Source records:
•••

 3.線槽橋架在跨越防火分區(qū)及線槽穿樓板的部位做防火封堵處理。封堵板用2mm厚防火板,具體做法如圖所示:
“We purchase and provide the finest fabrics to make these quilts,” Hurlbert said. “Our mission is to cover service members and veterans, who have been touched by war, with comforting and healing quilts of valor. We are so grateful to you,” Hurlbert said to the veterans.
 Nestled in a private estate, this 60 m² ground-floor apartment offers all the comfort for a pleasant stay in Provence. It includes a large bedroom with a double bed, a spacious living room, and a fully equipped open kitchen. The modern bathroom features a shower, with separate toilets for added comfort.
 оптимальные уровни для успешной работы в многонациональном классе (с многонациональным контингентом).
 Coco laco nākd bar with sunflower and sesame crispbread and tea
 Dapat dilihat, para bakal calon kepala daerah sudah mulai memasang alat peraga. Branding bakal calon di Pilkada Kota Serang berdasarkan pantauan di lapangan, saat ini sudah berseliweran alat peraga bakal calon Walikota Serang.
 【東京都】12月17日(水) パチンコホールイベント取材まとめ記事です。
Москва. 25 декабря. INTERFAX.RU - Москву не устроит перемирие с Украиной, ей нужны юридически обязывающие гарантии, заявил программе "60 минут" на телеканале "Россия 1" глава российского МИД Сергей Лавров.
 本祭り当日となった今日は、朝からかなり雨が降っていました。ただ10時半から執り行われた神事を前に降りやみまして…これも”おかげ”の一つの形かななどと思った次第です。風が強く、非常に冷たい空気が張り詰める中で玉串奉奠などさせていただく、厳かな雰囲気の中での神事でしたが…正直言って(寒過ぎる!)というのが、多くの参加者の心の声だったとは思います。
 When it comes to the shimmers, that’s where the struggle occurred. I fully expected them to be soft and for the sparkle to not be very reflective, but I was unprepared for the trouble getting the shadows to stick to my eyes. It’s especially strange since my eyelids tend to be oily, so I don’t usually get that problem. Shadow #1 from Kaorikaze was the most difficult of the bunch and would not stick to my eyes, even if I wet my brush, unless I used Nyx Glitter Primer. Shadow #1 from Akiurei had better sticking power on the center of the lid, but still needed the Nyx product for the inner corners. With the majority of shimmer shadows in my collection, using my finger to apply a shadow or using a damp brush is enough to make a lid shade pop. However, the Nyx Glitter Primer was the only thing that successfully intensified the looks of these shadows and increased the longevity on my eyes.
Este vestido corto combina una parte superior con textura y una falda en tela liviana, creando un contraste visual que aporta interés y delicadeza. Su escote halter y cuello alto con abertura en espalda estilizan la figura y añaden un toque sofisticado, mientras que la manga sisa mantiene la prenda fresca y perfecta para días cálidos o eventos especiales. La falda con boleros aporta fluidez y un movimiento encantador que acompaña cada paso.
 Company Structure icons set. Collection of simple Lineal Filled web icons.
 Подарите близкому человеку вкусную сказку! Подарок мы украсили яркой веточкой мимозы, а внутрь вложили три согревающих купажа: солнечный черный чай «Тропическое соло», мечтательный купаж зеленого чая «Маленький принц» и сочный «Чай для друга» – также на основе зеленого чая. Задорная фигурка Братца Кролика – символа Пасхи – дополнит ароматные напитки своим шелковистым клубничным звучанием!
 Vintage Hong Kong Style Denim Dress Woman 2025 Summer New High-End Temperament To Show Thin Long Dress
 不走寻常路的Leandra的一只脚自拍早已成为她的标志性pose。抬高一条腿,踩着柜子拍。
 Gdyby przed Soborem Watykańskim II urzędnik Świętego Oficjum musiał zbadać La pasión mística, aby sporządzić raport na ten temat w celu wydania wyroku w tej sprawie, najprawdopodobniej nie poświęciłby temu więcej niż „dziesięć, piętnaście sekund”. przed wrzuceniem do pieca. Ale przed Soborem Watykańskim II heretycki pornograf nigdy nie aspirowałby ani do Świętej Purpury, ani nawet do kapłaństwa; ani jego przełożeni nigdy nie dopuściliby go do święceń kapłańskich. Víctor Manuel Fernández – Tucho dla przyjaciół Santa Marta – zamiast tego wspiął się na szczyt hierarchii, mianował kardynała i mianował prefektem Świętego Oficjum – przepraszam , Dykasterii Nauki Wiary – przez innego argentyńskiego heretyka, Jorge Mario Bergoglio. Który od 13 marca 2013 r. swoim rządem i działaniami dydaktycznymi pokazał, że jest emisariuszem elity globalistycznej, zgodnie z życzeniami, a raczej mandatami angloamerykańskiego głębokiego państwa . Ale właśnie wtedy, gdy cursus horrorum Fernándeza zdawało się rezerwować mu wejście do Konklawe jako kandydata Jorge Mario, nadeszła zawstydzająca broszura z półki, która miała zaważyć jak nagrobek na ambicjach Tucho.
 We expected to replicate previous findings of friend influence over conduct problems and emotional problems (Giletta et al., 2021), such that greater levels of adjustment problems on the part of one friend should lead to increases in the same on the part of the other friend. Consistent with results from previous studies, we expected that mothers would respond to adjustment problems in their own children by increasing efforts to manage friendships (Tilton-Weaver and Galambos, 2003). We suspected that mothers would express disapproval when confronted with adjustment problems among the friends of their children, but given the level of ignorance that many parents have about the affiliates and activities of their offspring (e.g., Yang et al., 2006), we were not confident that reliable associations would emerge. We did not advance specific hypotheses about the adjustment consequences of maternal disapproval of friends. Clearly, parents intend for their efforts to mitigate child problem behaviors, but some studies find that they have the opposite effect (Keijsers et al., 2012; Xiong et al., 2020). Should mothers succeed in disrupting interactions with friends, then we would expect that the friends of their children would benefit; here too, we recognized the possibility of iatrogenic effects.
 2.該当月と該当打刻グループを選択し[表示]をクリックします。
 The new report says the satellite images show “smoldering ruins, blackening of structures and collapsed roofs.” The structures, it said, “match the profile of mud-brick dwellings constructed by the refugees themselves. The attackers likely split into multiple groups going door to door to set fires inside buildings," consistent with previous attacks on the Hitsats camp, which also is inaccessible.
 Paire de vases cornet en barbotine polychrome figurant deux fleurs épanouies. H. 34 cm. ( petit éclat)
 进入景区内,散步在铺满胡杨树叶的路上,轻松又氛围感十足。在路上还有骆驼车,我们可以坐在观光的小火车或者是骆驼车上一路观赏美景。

•••

TASK PROMPT — A word-for-word transcription of the data above is required.

WRITTEN SOLUTION —
 3.線槽橋架在跨越防火分區(qū)及線槽穿樓板的部位做防火封堵處理。封堵板用2mm厚防火板,具體做法如圖所示:
“We purchase and provide the finest fabrics to make these quilts,” Hurlbert said. “Our mission is to cover service members and veterans, who have been touched by war, with comforting and healing quilts of valor. We are so grateful to you,” Hurlbert said to the veterans.
 Nestled in a private estate, this 60 m² ground-floor apartment offers all the comfort for a pleasant stay in Provence. It includes a large bedroom with a double bed, a spacious living room, and a fully equipped open kitchen. The modern bathroom features a shower, with separate toilets for added comfort.
 оптимальные уровни для успешной работы в многонациональном классе (с многонациональным контингентом).
 Coco laco nākd bar with sunflower and sesame crispbread and tea
 Dapat dilihat, para bakal calon kepala daerah sudah mulai memasang alat peraga. Branding bakal calon di Pilkada Kota Serang berdasarkan pantauan di lapangan, saat ini sudah berseliweran alat peraga bakal calon Walikota Serang.
 【東京都】12月17日(水) パチンコホールイベント取材まとめ記事です。
Москва. 25 декабря. INTERFAX.RU - Москву не устроит перемирие с Украиной, ей нужны юридически обязывающие гарантии, заявил программе "60 минут" на телеканале "Россия 1" глава российского МИД Сергей Лавров.
 本祭り当日となった今日は、朝からかなり雨が降っていました。ただ10時半から執り行われた神事を前に降りやみまして…これも”おかげ”の一つの形かななどと思った次第です。風が強く、非常に冷たい空気が張り詰める中で玉串奉奠などさせていただく、厳かな雰囲気の中での神事でしたが…正直言って(寒過ぎる!)というのが、多くの参加者の心の声だったとは思います。
 When it comes to the shimmers, that’s where the struggle occurred. I fully expected them to be soft and for the sparkle to not be very reflective, but I was unprepared for the trouble getting the shadows to stick to my eyes. It’s especially strange since my eyelids tend to be oily, so I don’t usually get that problem. Shadow #1 from Kaorikaze was the most difficult of the bunch and would not stick to my eyes, even if I wet my brush, unless I used Nyx Glitter Primer. Shadow #1 from Akiurei had better sticking power on the center of the lid, but still needed the Nyx product for the inner corners. With the majority of shimmer shadows in my collection, using my finger to apply a shadow or using a damp brush is enough to make a lid shade pop. However, the Nyx Glitter Primer was the only thing that successfully intensified the looks of these shadows and increased the longevity on my eyes.
Este vestido corto combina una parte superior con textura y una falda en tela liviana, creando un contraste visual que aporta interés y delicadeza. Su escote halter y cuello alto con abertura en espalda estilizan la figura y añaden un toque sofisticado, mientras que la manga sisa mantiene la prenda fresca y perfecta para días cálidos o eventos especiales. La falda con boleros aporta fluidez y un movimiento encantador que acompaña cada paso.
 Company Structure icons set. Collection of simple Lineal Filled web icons.
 Подарите близкому человеку вкусную сказку! Подарок мы украсили яркой веточкой мимозы, а внутрь вложили три согревающих купажа: солнечный черный чай «Тропическое соло», мечтательный купаж зеленого чая «Маленький принц» и сочный «Чай для друга» – также на основе зеленого чая. Задорная фигурка Братца Кролика – символа Пасхи – дополнит ароматные напитки своим шелковистым клубничным звучанием!
 Vintage Hong Kong Style Denim Dress Woman 2025 Summer New High-End Temperament To Show Thin Long Dress
 不走寻常路的Leandra的一只脚自拍早已成为她的标志性pose。抬高一条腿,踩着柜子拍。
 Gdyby przed Soborem Watykańskim II urzędnik Świętego Oficjum musiał zbadać La pasión mística, aby sporządzić raport na ten temat w celu wydania wyroku w tej sprawie, najprawdopodobniej nie poświęciłby temu więcej niż „dziesięć, piętnaście sekund”. przed wrzuceniem do pieca. Ale przed Soborem Watykańskim II heretycki pornograf nigdy nie aspirowałby ani do Świętej Purpury, ani nawet do kapłaństwa; ani jego przełożeni nigdy nie dopuściliby go do święceń kapłańskich. Víctor Manuel Fernández – Tucho dla przyjaciół Santa Marta – zamiast tego wspiął się na szczyt hierarchii, mianował kardynała i mianował prefektem Świętego Oficjum – przepraszam , Dykasterii Nauki Wiary – przez innego argentyńskiego heretyka, Jorge Mario Bergoglio. Który od 13 marca 2013 r. swoim rządem i działaniami dydaktycznymi pokazał, że jest emisariuszem elity globalistycznej, zgodnie z życzeniami, a raczej mandatami angloamerykańskiego głębokiego państwa . Ale właśnie wtedy, gdy cursus horrorum Fernándeza zdawało się rezerwować mu wejście do Konklawe jako kandydata Jorge Mario, nadeszła zawstydzająca broszura z półki, która miała zaważyć jak nagrobek na ambicjach Tucho.
 We expected to replicate previous findings of friend influence over conduct problems and emotional problems (Giletta et al., 2021), such that greater levels of adjustment problems on the part of one friend should lead to increases in the same on the part of the other friend. Consistent with results from previous studies, we expected that mothers would respond to adjustment problems in their own children by increasing efforts to manage friendships (Tilton-Weaver and Galambos, 2003). We suspected that mothers would express disapproval when confronted with adjustment problems among the friends of their children, but given the level of ignorance that many parents have about the affiliates and activities of their offspring (e.g., Yang et al., 2006), we were not confident that reliable associations would emerge. We did not advance specific hypotheses about the adjustment consequences of maternal disapproval of friends. Clearly, parents intend for their efforts to mitigate child problem behaviors, but some studies find that they have the opposite effect (Keijsers et al., 2012; Xiong et al., 2020). Should mothers succeed in disrupting interactions with friends, then we would expect that the friends of their children would benefit; here too, we recognized the possibility of iatrogenic effects.
 2.該当月と該当打刻グループを選択し[表示]をクリックします。
 The new report says the satellite images show “smoldering ruins, blackening of structures and collapsed roofs.” The structures, it said, “match the profile of mud-brick dwellings constructed by the refugees themselves. The attackers likely split into multiple groups going door to door to set fires inside buildings," consistent with previous attacks on the Hitsats camp, which also is inaccessible.
 Paire de vases cornet en barbotine polychrome figurant deux fleurs épanouies. H. 34 cm. ( petit éclat)
 进入景区内,散步在铺满胡杨树叶的路上,轻松又氛围感十足。在路上还有骆驼车,我们可以坐在观光的小火车或者是骆驼车上一路观赏美景。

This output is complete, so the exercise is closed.